Sigil

CSSL · Caveman Sigil Substrate Language
one source · CPU + GPU + console + mobile + web
28+ built-in effects · refinement types · source-to-source autodiff · Pony-6 capabilities · MLIR IR · Vulkan 1.4 + Level-Zero
Status Compiler in active development. Stage-0 scaffold stood up; parser + AST + HIR + 31/31 body-lower + F1 autodiff PROVEN (62/62) + HM foundation. 1,600+ tests, 0 clippy warnings, 6/6 commit gates. Session 4 in progress.

What is Sigil

Sigil is the shorthand; CSSLCaveman Sigil Substrate Language — is the full name. Same language. It is a single-source systems language that compiles to native x86-64 (AVX2 base + AVX-512 opportunistic) and SPIR-V (Vulkan 1.4 + Level-Zero), with backend stubs for D3D12, Metal, WebGPU, and consoles.
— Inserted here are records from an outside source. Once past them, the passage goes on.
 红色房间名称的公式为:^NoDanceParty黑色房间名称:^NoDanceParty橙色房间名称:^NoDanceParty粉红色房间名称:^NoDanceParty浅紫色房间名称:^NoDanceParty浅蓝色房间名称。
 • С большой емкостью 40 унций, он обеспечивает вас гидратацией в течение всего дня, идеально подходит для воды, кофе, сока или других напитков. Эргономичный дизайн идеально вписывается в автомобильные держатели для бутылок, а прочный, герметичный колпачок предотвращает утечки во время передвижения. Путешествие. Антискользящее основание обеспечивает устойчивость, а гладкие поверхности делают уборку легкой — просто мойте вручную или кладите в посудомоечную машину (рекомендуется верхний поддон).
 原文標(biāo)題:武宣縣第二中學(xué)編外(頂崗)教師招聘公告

Four things distinguish it from the languages it draws from. First, the type system includes a Koka-style row-polymorphic effect system with 28+ built-in effects covering timing, power, thermal, backend gating, and IFC. Second, engine primitives — SDFs, Jets, render graphs, scenes — are compiler-aware built-ins, not library wrappers. Third, the non-negotiable feature set (autodiff, refinement types, effects, staging, IFC, observability) all ship in v1 rather than as "future work." Fourth, a set of bug patterns observed in prior game-engine work (Labyrinth of Apocalypse retrospective) were each mapped to a compile-time structural refusal — CSSL inverts "runtime safety" into "compile-time inexpressibility of the bug."
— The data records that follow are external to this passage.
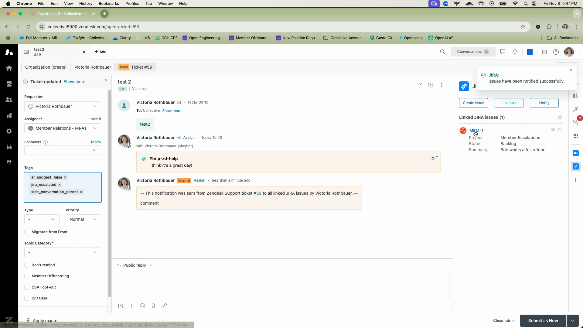 Finally, you can verify that the link and notification are reflected in Jira.
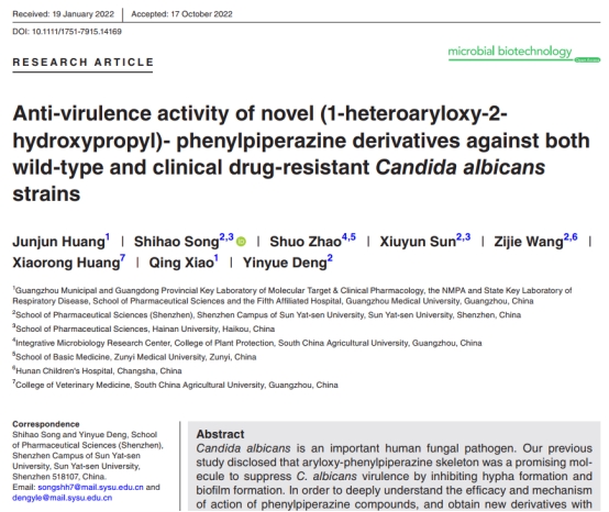 黄珺珺副教授在国际微生物学领域权威期刊Microbial Biotechnology(影响因子6.575)在线发表题为“Anti-virulence activity of novel (1-heteroaryloxy-2-hydroxypropyl)-phenylpiperazine derivatives against both wild-type and clinical drug-resistant Candida albicans strains”的研究论文。本研究合成了一系列新型苯基哌嗪类化合物,通过表型和毒力实验筛选获得了四个新的潜在药物分子,并通过三种小鼠模型验证了其治疗活性。同时,本研究还验证了该化合物对临床菌株的抗菌活性及其与抗生素的协同作用效果,尤其发现它们对临床耐药菌株具有良好的抗菌效果。本研究提供了一种新型的抗白色念珠菌抗菌策略,并获得了具有良好的抗白色念珠菌致病毒力活性化合物。这些化合物具有作为新型的抗真菌药物或佐剂的开发潜力,用于治疗由白色念珠菌,尤其是耐药白色念珠菌引起的感染。
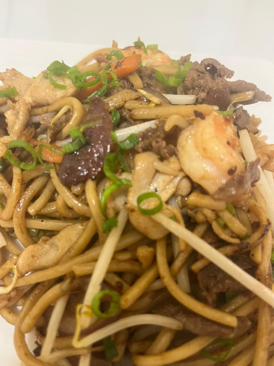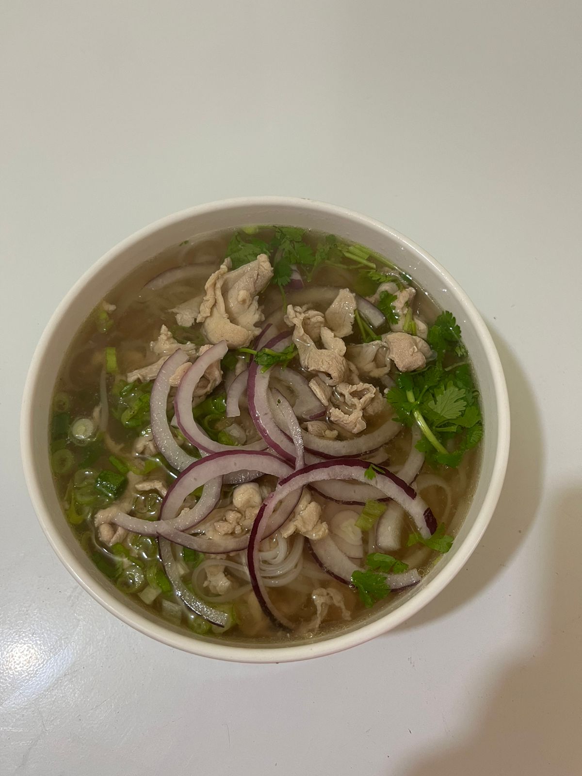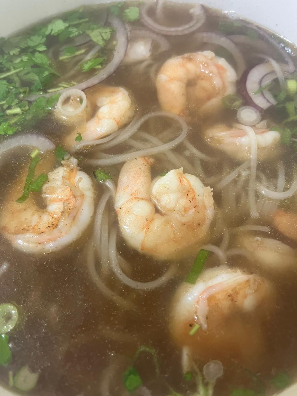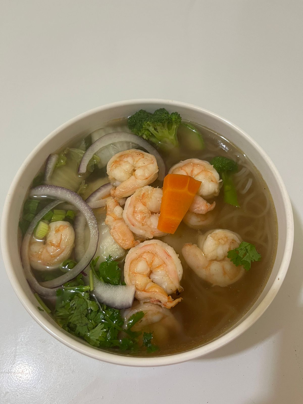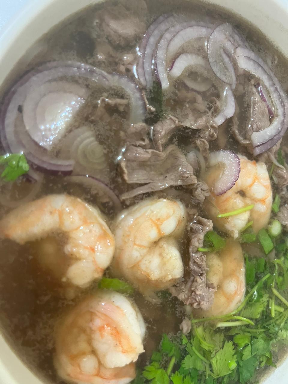 Camaròn, res, pollo, albòndigas y menudos. Acompañados de sopa, cebolla, cebollìn, cilantro y fideo.

The language is currently pre-1.0. The compiler (compiler-rs/, 31 crates) is under active development. The specification (25 .csl files, ~200KB) is complete and frozen for v1. What follows is a reference to what the language is, grounded in the spec, with an honest note on what has shipped in the compiler versus what remains.

A Shader, Autodiff'd

An SDF shader in CSSL. Autodiff is a first-class operator (bwd_diff), not a library. The effect row on sdf_pixel says the function runs on GPU, under a 16ms deadline, emitting dispatch latency telemetry — the compiler discharges these statically where it can and asserts at runtime otherwise.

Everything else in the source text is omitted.